Para pengikut bersorak, penuh pujian, sementara Song Ziqiang tampak sangat percaya diri—seratus lebih pertandingan Riven-nya bukan main-main.

Riven miliknya, penguasa sekolah, tentu membuatnya yakin diri.

Memasuki loading screen, Wang Yao sempat tertegun. Bukan karena Song Ziqiang memakai skin “Championship Riven”, tapi karena ia membawa spell summoner Exhaust dan Ignite...

Sementara Wang Yao hanya membawa spell umum: Ignite dan Flash.

“Kau keterlaluan juga!” Ruolan tak tahan menegur. “Solo kok bawa dua spell itu, tidak adil!”

Meski Ruolan belum pernah main ranked, ia tahu, dua spell yang dibawa Song Ziqiang sangat efektif dalam solo.

“Apa yang tidak adil?” Song Ziqiang terkekeh, “Aturan solo tak mengatur spell apa yang boleh dibawa.”

Wajah Ruolan memerah menahan marah, tapi ia tak bisa membantah. Benar, aturan solo memang tak mengatur spell apa yang boleh dibawa—apa lagi yang bisa ia lakukan?

Wang Yao hanya diam seribu bahasa.

Permainan pun dimulai. Wang Yao membeli Doran Sword dan satu potion, lalu melangkah ke lane.

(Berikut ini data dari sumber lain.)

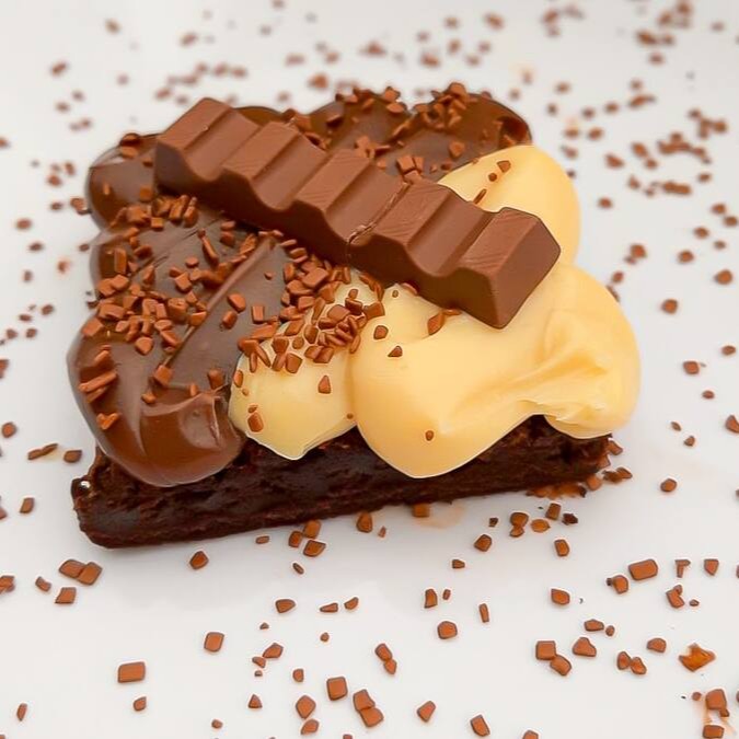 Brownie com brigadeiro branco e brigadeiro de chocolate ao leite, granulado belga e barrinha de Kinder chocolate.
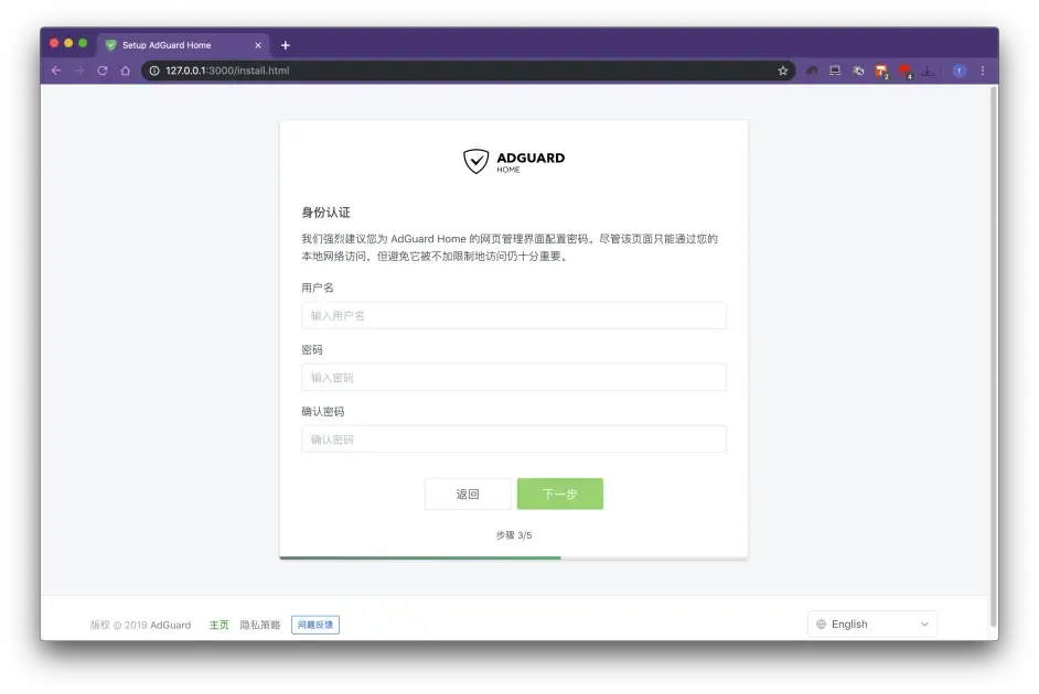 设置登陆 AdGuard Home 管理页面的用户名和密码
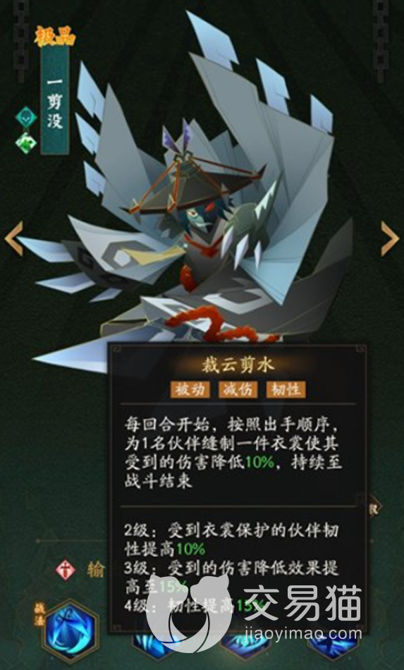 被动:裁云剪水,听起来就是一个合格的“裁缝”,这个技能在每回合的开始,按照大家角色的出场顺序,会为友方一名角色缝制一件在受到伤害的时候,降低10%伤害的衣服,并且会一直持续到战斗结束。
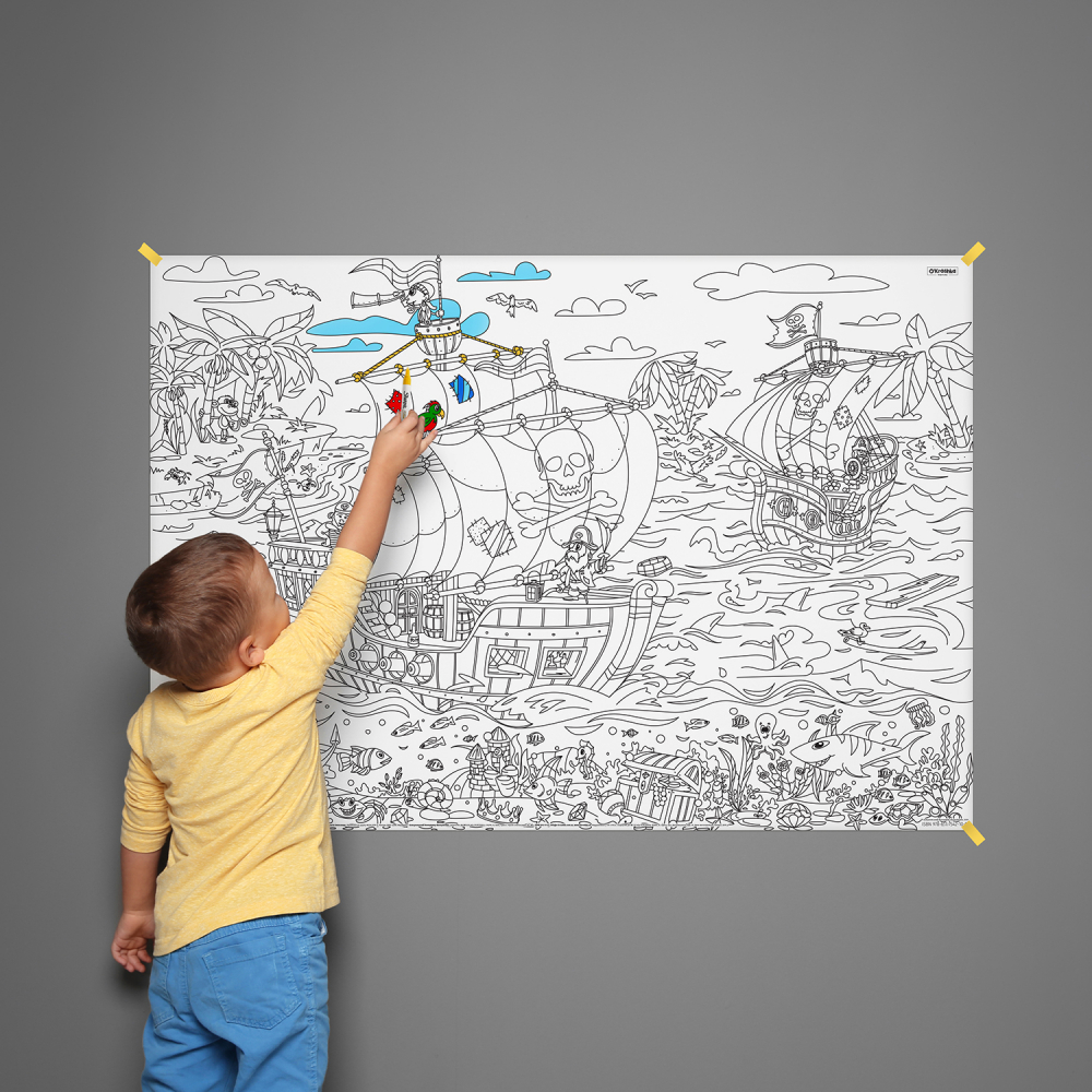 Ви шукаєте спосіб "відірвати" сина-дошкільника від телепрограм або онлайн-битв? Ви хочете з мінімальними втратами для нервових клітин потренувати його навички володіння письмовим приладдям? Ви бажаєте підштовхнути малюка до корисних ігор, в яких буде працювати його уява? Ви просто шукаєте гідний подарунок дитині за розумні гроші? Тоді Вам не обійтися без гігантської розмальовки від О'Kroshka - "Пірати: на краю світу". Подаруйте йому це величезне поле для розвитку творчих здібностей (840 х 590 мм) і вручіть шибенику коробку олівців або фломастерів. Вже через хвилину він зануриться в захоплюючий світ вітрил, які розвиваються на вітрі і солоних крапель, які летять в обличчя, світ таємничих островів і незліченних багатств, що зберігаються на дні безкрайнього океану.
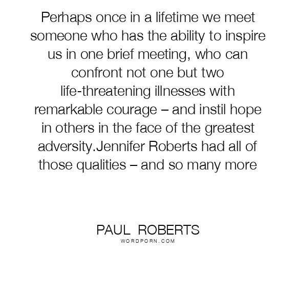 Perhaps once in a lifetime we meet someone who has the ability to inspire us in one brief meeting, who can confront not one but two life-threatening illnesses with remarkable courage – and instil hope in others in the face of the greatest adversity.Jennifer Roberts had all of those qualities – and so many more
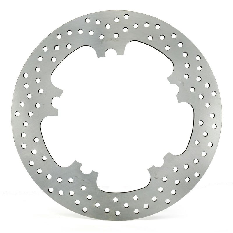 ハーレー ツーリング、トライク、ダイナ、Vロッド用 スポークマウント式 フロントブレーキローターです。 6.7インチ・ボルトサークルのハーフムーンボルトホールタイプです。 ディスク面に多数のドリルホールを開けたHALO(ハロ)デザイン。 軽量化と放熱効果の高い仕様です。 高品質ステンレススチール製。 CNCマシンによるレーザーカット加工で製作された精度の高い製品で、ブレや振動を発生しません。 ヨーロッパの安全認証機関(TUV)認証品。 ※写真は現物と細部が異なります。(参考写真)
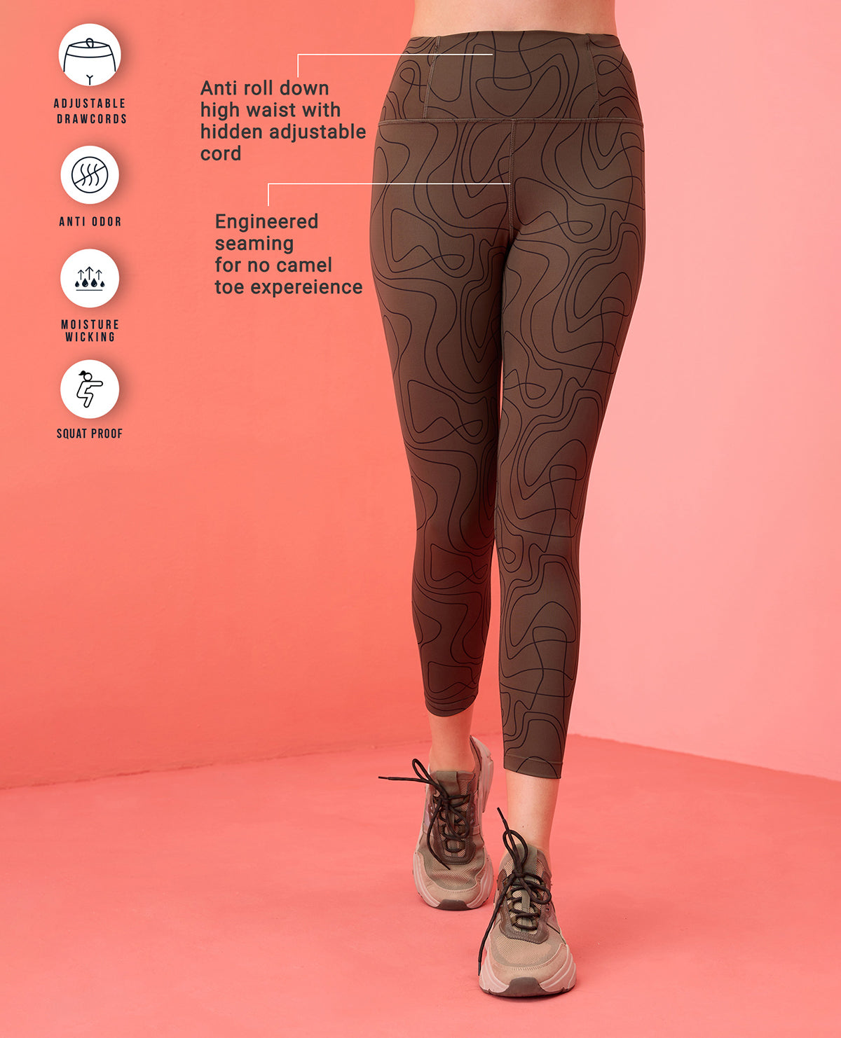 Breathable with NY-Dry technology, high waist with firm grip and squat proof.
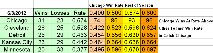 The unbelievable late May run by the White Sox has them on pace to win 85-90 games even if they play just over 0.500 baseball the rest of the year. Since many of their hitters are doing better than expected I think the White Sox can do that. Obviously Konerko can’t keep up the pace he is on, but he looks like he will have a good year if healthy. Dunn is making it impossible to make Done jokes this year. Pierczynski is hitting well. Beckham has even shown signs he has figured it out at times.
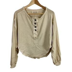 We The Free Melodi Starshine Henley Round Hem Knit Crop Top Women Size Medium
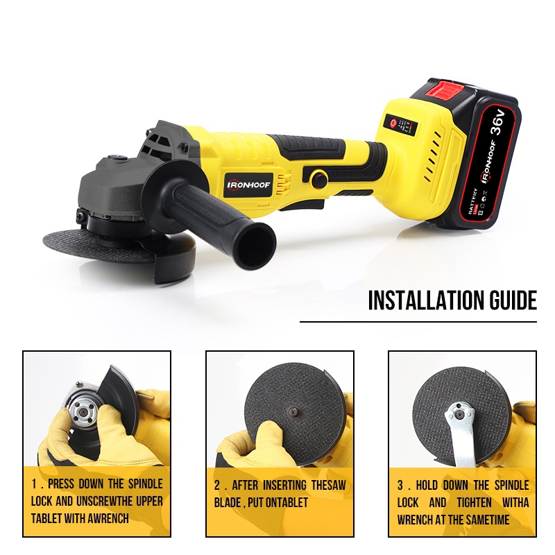 Ironhoof 36V Angle Grinder Brushless Baterai Cordless Mesin Gerinda Tangan
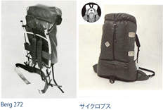 バーグハウス172モデルや272モデルをはじめとする、ハーグハウス初のリュックサックは、外部フレームを使い、コンパートメントが1つのベーシックなタイプでした。このような、ややトラディッショナルなスタイルのリュックサックが発表されてから2年後の1972年に登場したのが、真に革命的なリュックサック「サイクロプス」。おそらくは世界初の内部フレーム型のリュックサックです。
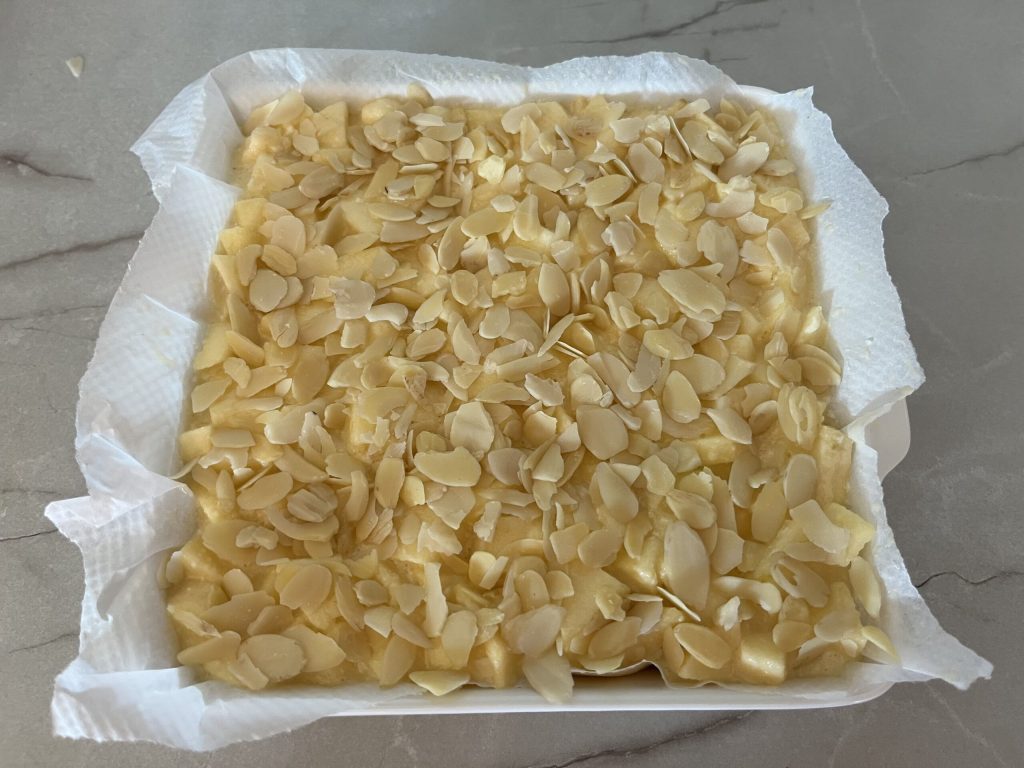The quick apple cake is a creamy apple dessert inside and crunchy outside thanks to the almond flakes.
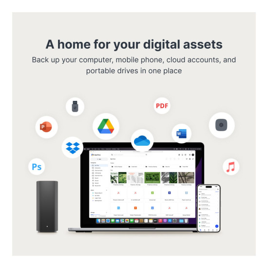BeeStation offers 4TB of secure cloud storage, preconfigured for effortless use. Manage, access, and share files across devices without subscription fees. Store all your data centrally while ensuring maximum privacy and accessibility from anywhere.

“Lane mana?” tanya Song Ziqiang.

“Top lane saja, Riven biasanya memang di top,” jawab Wang Yao.

“Baik.” Song Ziqiang membeli Long Sword dan tiga potion, lalu menuju lane.

“Kak Qiang, dia keluar base pakai Doran Sword,” anak buahnya melapor sambil tertawa, “Main Riven di depan Kak Qiang saja sudah nekat, berani-beraninya pula keluar pakai Doran Sword, kepercayaan dirinya kebangetan.”

“Tenang, sebentar lagi dia akan sadar diri,” Song Ziqiang menepukkan abu rokok.